Die Entdeckungen von Alphons Stübel in denselben Regionen Lateinamerikas lassen dieselbe Vision hervortreten und beleuchten gleichzeitig die Schwierigkeiten, die sich aus einer Landschaftsbeschreibung mit Akzenten auf Vulkanologie und Geomorphologie ergeben. Obschon einige beschriebene Orte wie das Cotopaxi unverändert bleiben, scheinen die post-humboldtschen Beschreibungsmethoden detaillierter zu sein. Dies ergibt sich zweifelsohne aus dem Innovationsstreben der Forscher, welches insbesondere den Schwerpunkt auf eine gründliche topographische Studie der darzustellenden Räume legt und zudem die erstellten Karten mit einer umfassenden Beschreibung aufwertet. Dadurch, dass auch die Verschiedenartigkeit in der Malerei zur Geltung gebracht wird, zeigt der Autor dem Leser nicht nur die Entwicklung der Darstellungsmethoden, sondern auch die Wichtigkeit der farbigen Darstellung in der Wahrnehmung einer natürlichen Realität. Die Arbeiten von Reiss und Stübel erlaubten, Fotografien als wichtige Dokumente in historische und geographische Forschungen einzuführen und damit die Debatte über die Zuverlässigkeit von Gemälden und Fotographien anzustoßen.

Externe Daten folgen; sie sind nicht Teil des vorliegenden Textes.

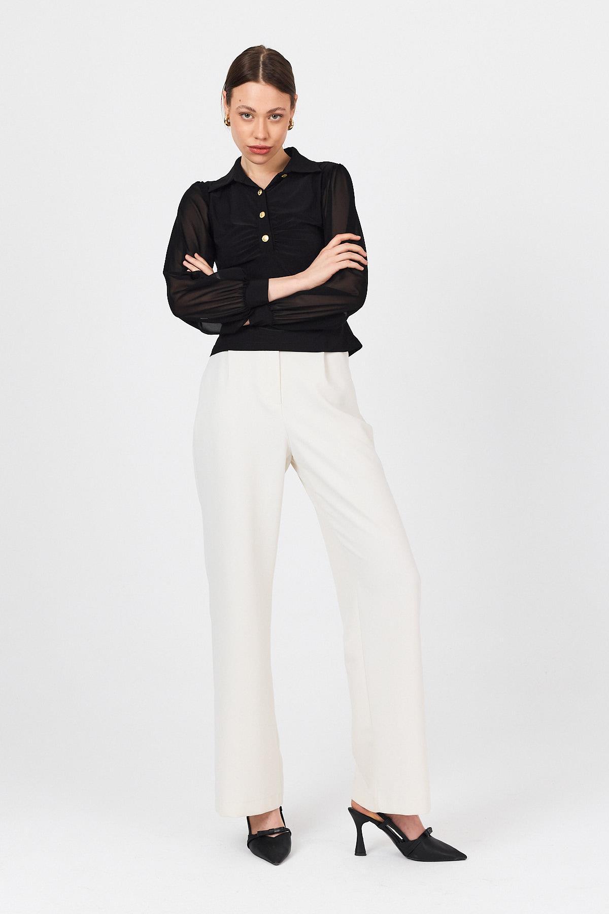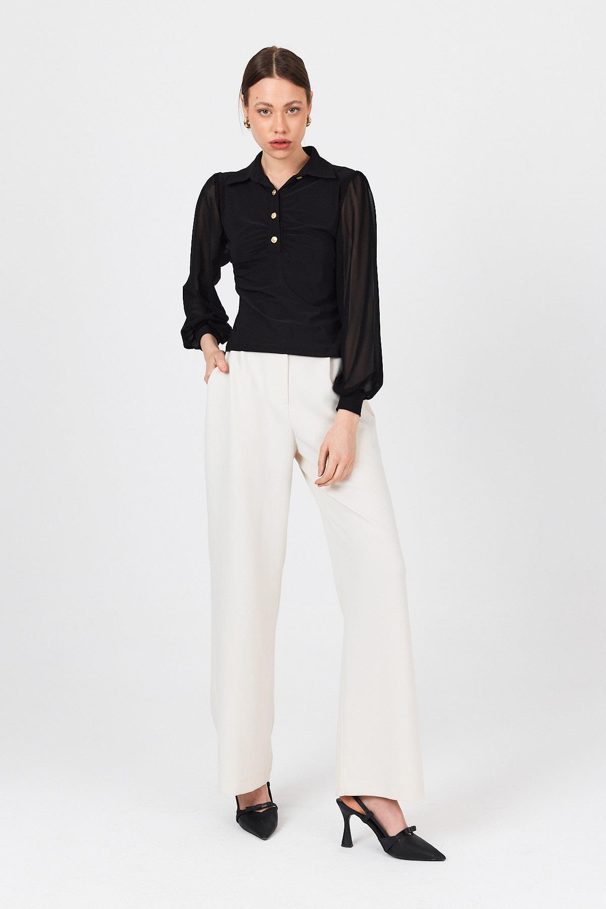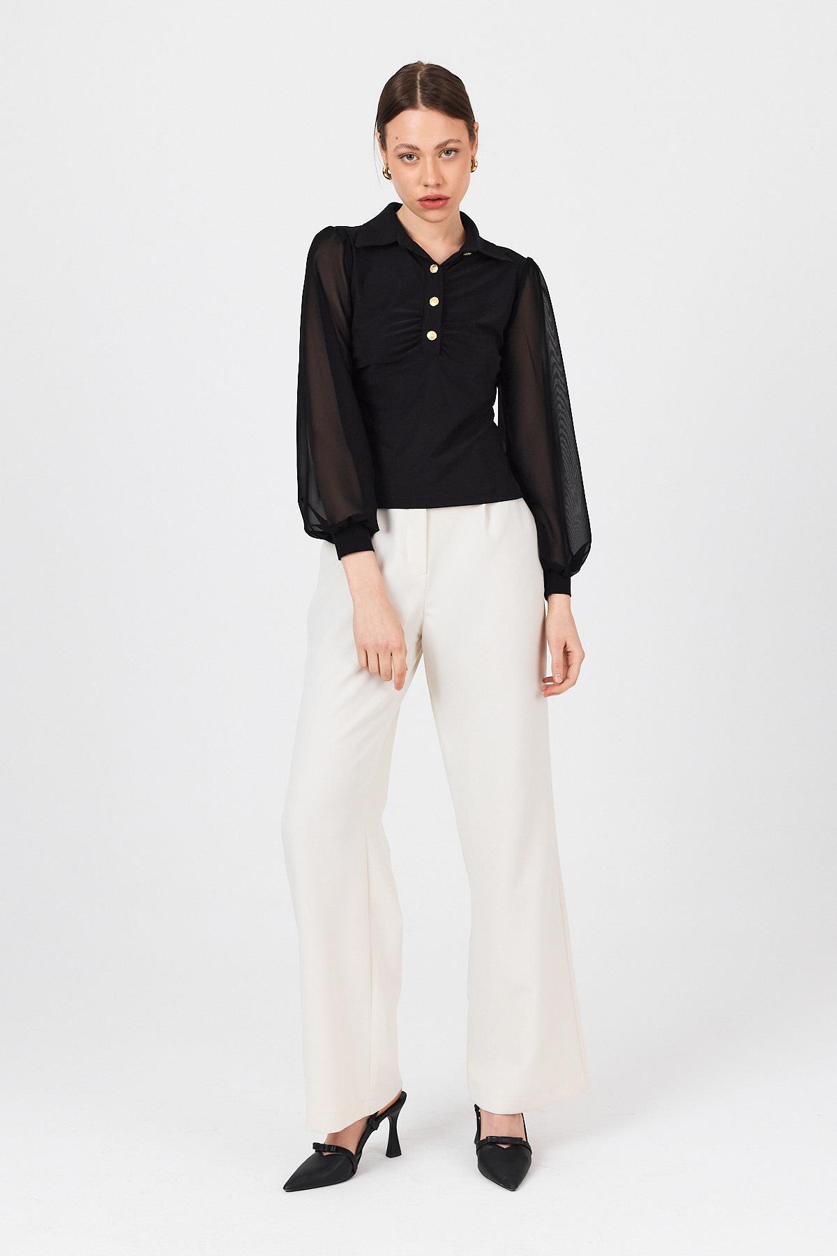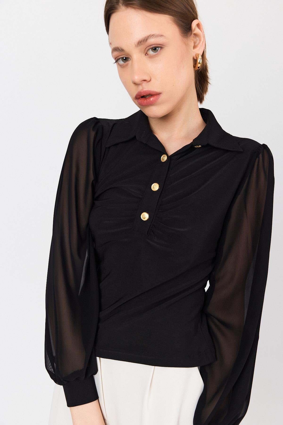 Siyah Şifon Kollu Gömlek Yaka Düğmeli Bluz 9478

Die in Asien ausgeführten Arbeiten kennzeichnen die Vorteile einer engagierten und interdisziplinären wissenschaftlichen Zusammenarbeit der verschiedenen Zweige der Geographie. Diese Arbeiten legen die Ergebnisse der von den Brüdern Schlagintweit, Ferdinand von Richthofen und Emil Trinkler auf den Spuren von Humboldt ausgeführten Forschungen dar. Die Ersteren haben sich damit befasst, nicht nur den Weg nach Indien, sondern auch Regionen, Landschaften und Siedlungen in Assam, im Himalaya (insbesondere Ost- und Zentral Himalaya), in Pakistan, in Nepal und West-Tibet durch Aquarelle und Zeichnungen zu beschreiben. Ferdinand von Richthofen hat insofern eine sehr innovative Arbeit durchgeführt, als dass er der allererste Geograph gewesen ist, der im 19. Jahrhundert eine bildhafte Darstellung von Ost- und Südchina vorlegte. Insbesondere seine Beschreibung der geologischen und geomorphologischen Strukturen der untersuchten Gebiete, wie diejenigen der Berge, Gewässer und Höhlen werden eindrücklich dargestellt. Weiterhin wird auf seine Beschreibungen zur Lebensweise der Bewohner sowie der natürlichen Schönheit und der touristischen Sehenswürdigkeiten der Landschaft dargeboten. Emil Trinkler, der von Walter Bosshard, einem professionellen Fotografen, sowie von dem Geographen Terra begleitet wurde, hat eine Forschungsreise in Zentralasien durchgeführt und im Zuge dessen Porträts von Landschaften als auch von Menschen erarbeitet. Diese Porträts beschreiben auf der Basis von Aquarellen und Fotografien die verschiedenen Phasen der Expeditionen in die Regionen von Leh (Kashmir, Ladakh), Karakorum, Kunlun shan und  Takla makan.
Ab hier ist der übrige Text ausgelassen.